Soprattutto il governo non ha ancora chiarito se i 100 mila assunti (e non più 148 mila annunciati e poi ritirati) andranno in cattedra tutti dal prossimo primo settembre. Sono dettagli complicati, ma di sostanza. Ad oggi i posti sulle cattedre vacanti non dovrebbero essere più di 50 mila. Gli altri andranno nell’organico «funzionale», sempre che il Ddl riesca ad essere approvato. Il problema è che le scuole hanno tempo fino al 30 maggio per comunicare il numero dei docenti di cui hanno bisogno. Ma come possono farlo se manca la legge? Per l’Anief (che manifesta il 17 marzo) l’organico funzionale per eliminare le supplenze è impraticabile: rischiamo di veder sostituito un docente di latino con uno di educazione fisica. L’esclusione degli idonei del «concorsone» 2012 scatenerà migliaia di ricorsi contro il governo. Di Meglio (Gilda) pone un altro problema: le assunzioni di Renzi non rispondono alla sentenza della Corte di Giustizia Ue che impone l’assunzione di tutti i precari che hanno lavorato più di 36 mesi. Forte è l’impressione di un governo che, non potendo rinviare l’approvazione del Ddl per la quarta volta, abbia investito il parlamento di un problema che non sa risolvere.

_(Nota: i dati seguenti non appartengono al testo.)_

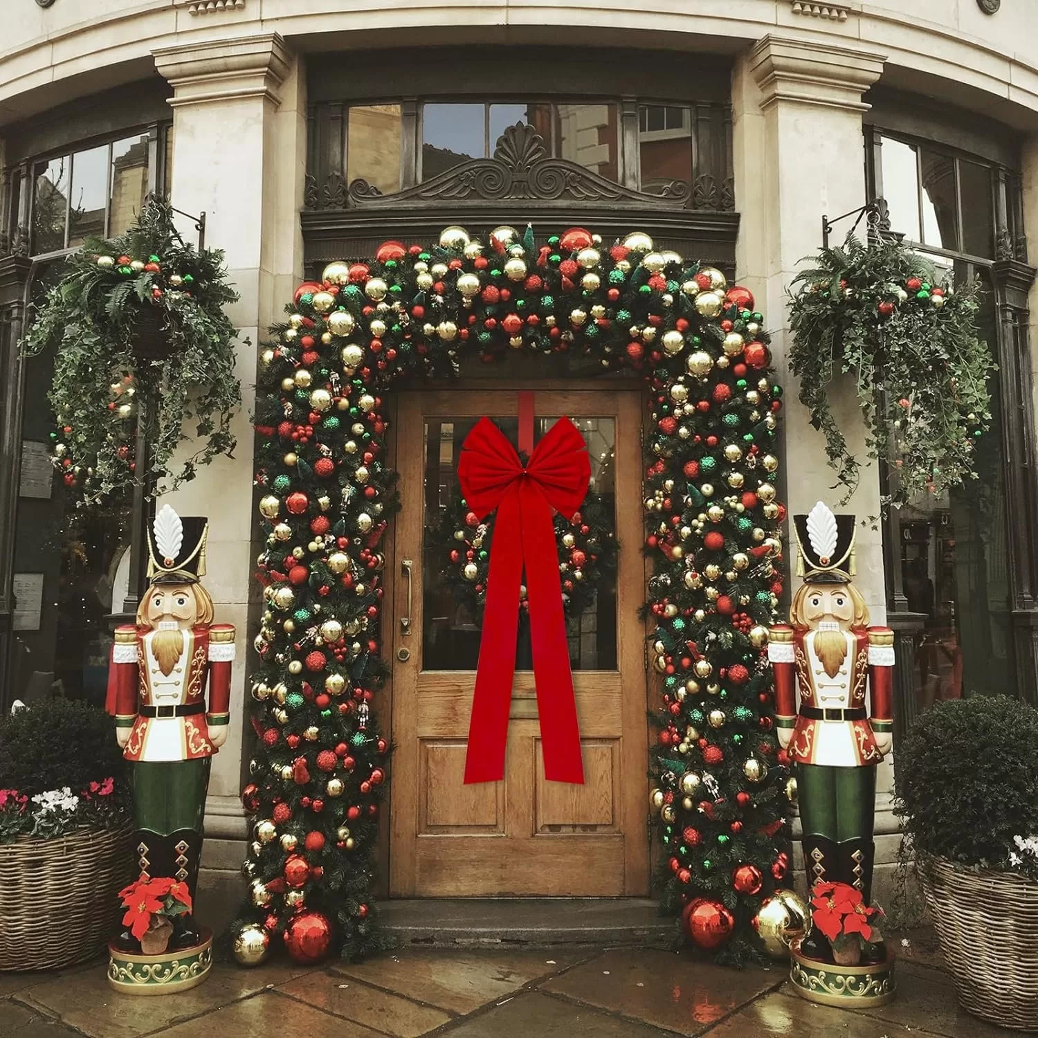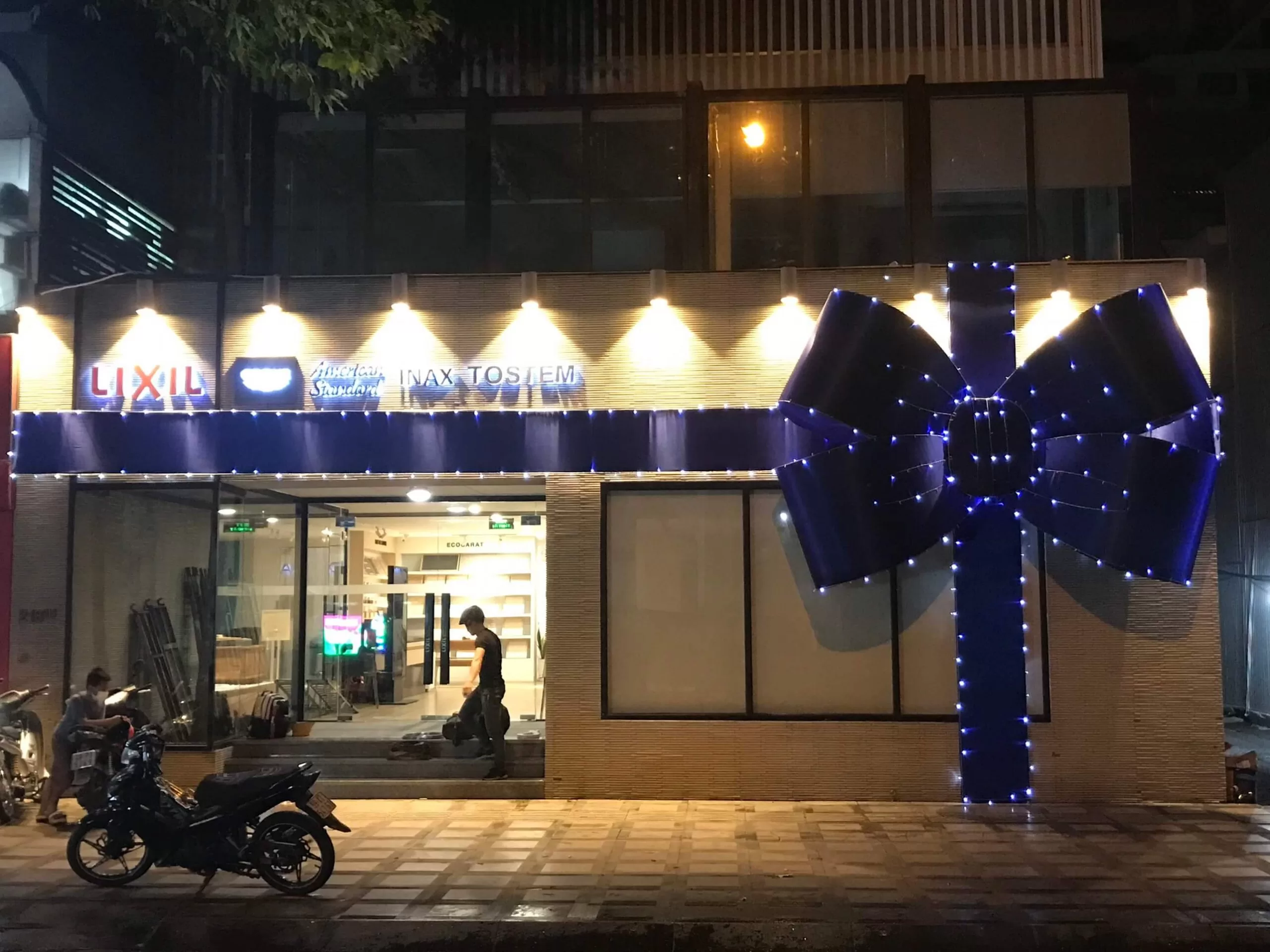 Nơ khổng lồ trang trí tòa nhà, mặt tiền cửa hàng mùa lễ hội Noel

Sul fronte politico, la sinistra Pd distingue ma converge su Renzi. Proprio come sul Jobs Act. Della «Buona Scuola» Cesare Damiano loda l’alternanza scuola lavoro e la «stabilizzazione» dei precari. Fassina vede «ambizioni importanti e positive» ma chiede di ridiscutere i poteri dei presidi. Bersani ne loda la «spinta riformatrice». «Come parlamento – ha ribadito – cercheremo di andare alla svelta». Per l’ex ministro Luigi Berlinguer i critici di Renzi sarebbero i «nostalgici della scuola iper-centralista», mentre la riforma sarebbe «moderna» perché decentralizza. Queste argomentazioni ricorrenti nella pedagogia neoliberista nascondono il rafforzamento autoritario delle figure apicali, oltre che della valutazione poliziesca dei docenti. I Cinque Stelle promettono di «essere propositivi, ma questa riforma ha un enorme bisogno di essere migliorata». Vendola (Sel): «Faremo una battaglia parlamentare per cambiarla». Drastica Maria Mussini (Misto e firmataria della proposta di legge Lip): «È una ristrutturazione aziendale». Alfano (Ncd) rivendica i soldi alle paritarie. Il pegno pagato da Renzi.